El hecho de que nuestro semanario calce el nombre de ABC no quiere decir que seamos aficionados a los juegos de letras o de  palabras, sin embargo, el dilema que encierra el titulo de este editorial está hoy en el centro del debate político en Venezuela.

Le tenue diferencia entre las dos cosas es mas que semántica, es política. Un pequeño detalle puede cambiar el rumbo de los acontecimientos así como la famosa teoría del caos postula que el aleteo de una mariposa en China pueda causar una tormenta en Nueva York.

Postular en este momento la consigna correcta y en los términos correctos puede ser la diferencia entre salir de la crítica pesadilla de la Nación o perdurar en ella.

Discúlpenos amigo lector la insistencia en este lingüístico detalle pero traeremos en nuestro auxilio a un maestro de las letras españolas que podrá explicar mejor que nosotros de qué rayos va todo este rollo.

Cuentan que Camilo José Cela cayó en brazos de Morfeo durante una latosa sesión en las Cortes españolas por lo cual la Presidencia le recriminó.

–       Señor diputado haga el favor de prestar atención, está usted dormido,  a lo que Cela contestó:

–       Su señoría, no estaba dormido, estaba durmiendo…

–       Y ¿no es lo mismo?

–       Pues no, fíjese usted que no es lo mismo estar jodido que estar jodiendo…
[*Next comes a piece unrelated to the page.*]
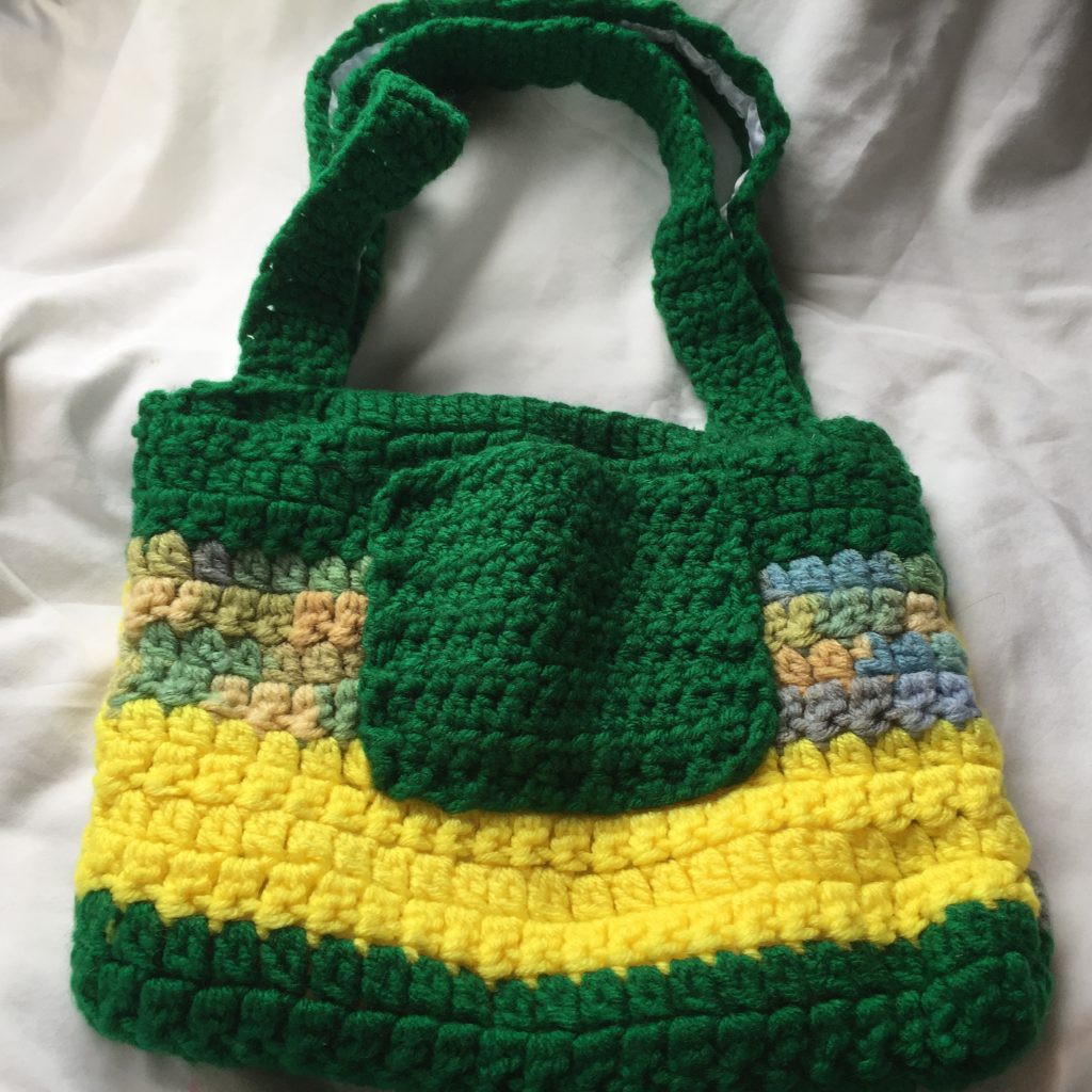 Kelly Green and Yellow with Variegated Blue Green Yellow Striped Crocheted 11×10 Tote With White Lining. This hand crocheted purse was created using machine washable, machine dryable and hypoallergenic sports yarn. It has alternating stripes of solid green, solid yellow and variegated Easter colors with a Kelly green crocheted pocket in the front and solid green crocheted straps. It approximately measures 11 inches wide by 10 inches tall and the straps are about 24 inches long. We have hand stitched a white satin ribbon onto the underside of the straps so that the bag will not sag while in use as well as a white satin like lining inside the tote.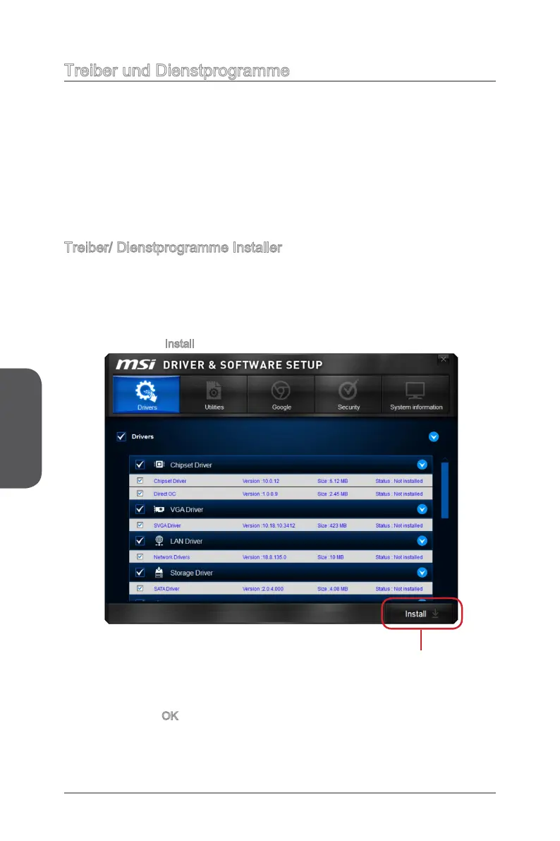 Lengen Sie die MSI-Treiber-Disk in das optische Laufwerk ein. Der Installierer

El tema en cuestión pareciera ser propio de discusión para las direcciones de los partidos políticos y los grupos de acción de la sociedad civil, pero lo tratamos como tema de nuestro editorial porque pensamos que es necesario que un medio como el nuestro tome posición frente a este asunto y nosotros queridos lectores hemos resuelto tomar partido por ser opositores y no ser de oposición.

Vamos a ver con que se come esto.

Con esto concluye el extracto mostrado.